Belfast Rally for Life draws ‘largest ever’ crowd

The annual All-Ireland Rally for Life, which took place in Belfast this year, saw what organisers claimed was its largest ever turnout in the city. Organisers estimated that 8,000 people attended the march.

The rally heard from parents whose children had life-limiting disorders who said that better support for families, not abortion, is the answer when children are diagnosed with severe disabilities in the womb.

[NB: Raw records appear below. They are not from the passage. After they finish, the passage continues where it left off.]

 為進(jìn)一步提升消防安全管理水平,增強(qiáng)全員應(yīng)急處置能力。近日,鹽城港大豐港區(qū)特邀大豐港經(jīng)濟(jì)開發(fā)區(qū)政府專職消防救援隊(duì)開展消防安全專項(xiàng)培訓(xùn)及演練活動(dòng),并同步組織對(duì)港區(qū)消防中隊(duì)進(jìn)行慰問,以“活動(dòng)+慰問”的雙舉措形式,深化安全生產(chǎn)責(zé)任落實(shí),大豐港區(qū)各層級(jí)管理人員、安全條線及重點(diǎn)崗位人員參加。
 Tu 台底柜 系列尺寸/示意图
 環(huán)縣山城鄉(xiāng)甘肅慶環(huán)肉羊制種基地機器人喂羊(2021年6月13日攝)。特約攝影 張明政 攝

According to the Irish Times, Bernadette Smyth of the Precious Life group in Northern Ireland said the gathering was sending out messages to the Taoiseach Enda Kenny and the North’s justice ministerDavid Ford “that the lives of the unborn must be protected” at all stages.

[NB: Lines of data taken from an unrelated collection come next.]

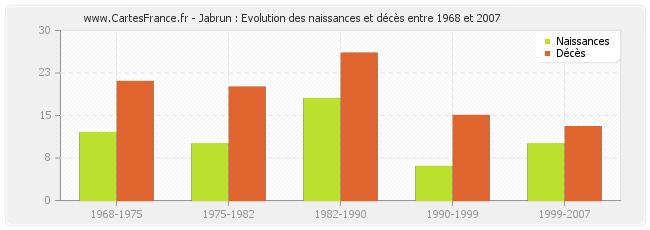 Jabrun : évolution des naissances et décès de 1968 à 2007
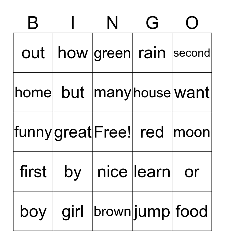 This bingo card has a free space and 29 words: boy, brown, great, other, out, green, but, by, red, girl, moon, food, brown, jump, want, thank, nice, first, second, funny, learn, some, house, home, rain, how, or, many and old.
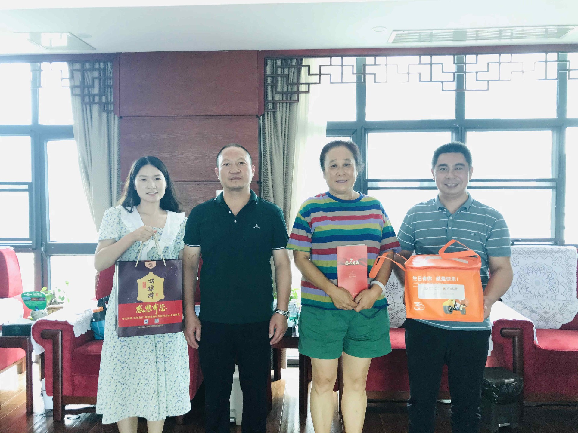 7月7日,襄陽企聯常務副會長兼秘書長趙樂成、大客戶服務部總監(jiān)李愛軍,帶著由襄陽市領導付勁松副市長、市經信局楊富杰局長和市企聯吳少偉會長簽名的《襄陽英雄 青春永駐》的生日賀卡、生日蛋糕和雙雄醉健康白酒,來到中興綠色技術湖北有限公司,為總經理陳佳送上生日祝福,感謝陳總為襄陽經濟社會高質量發(fā)展所做出的貢獻!

Ms Smyth read a letter from the All Party Pro-Life Committee in Stormont, which supported the rally amd added that the rally was telling the Alliance leader and the North’s justice minister Mr Ford that he should not attempt to bring in legislation that would allow for abortion in cases of foetal abnormality.

Mr Ford is considering amending elements of current abortion legislation in to allow for abortion in cases of foetal abnormality. Abortion is currently legal in Northern Ireland only if continuing a pregnancy is judged to present a “serious threat” to the mental or physical health of the mother. There are around 40 legal abortions in Northern Ireland each year.

The abortion issue came to public prominence again last year after two women, one carrying twins, disclosed that their babies had anencephaly and that under Northern Ireland law they could not have abortions in the North.

LifeSiteNews reports that Gemma Bradley, a campaigner for Trisomy Awareness, many parents have been told that these conditions are “incompatible with life.” But she said that her baby, Lily Rose, and others with similar conditions are “compatible with love, joy and cherished memories.” “She was alive, I felt her move, and babies with Trisomy have lived for hours, days and weeks after birth. The length of that life does not make it less of a life,” said Bradley.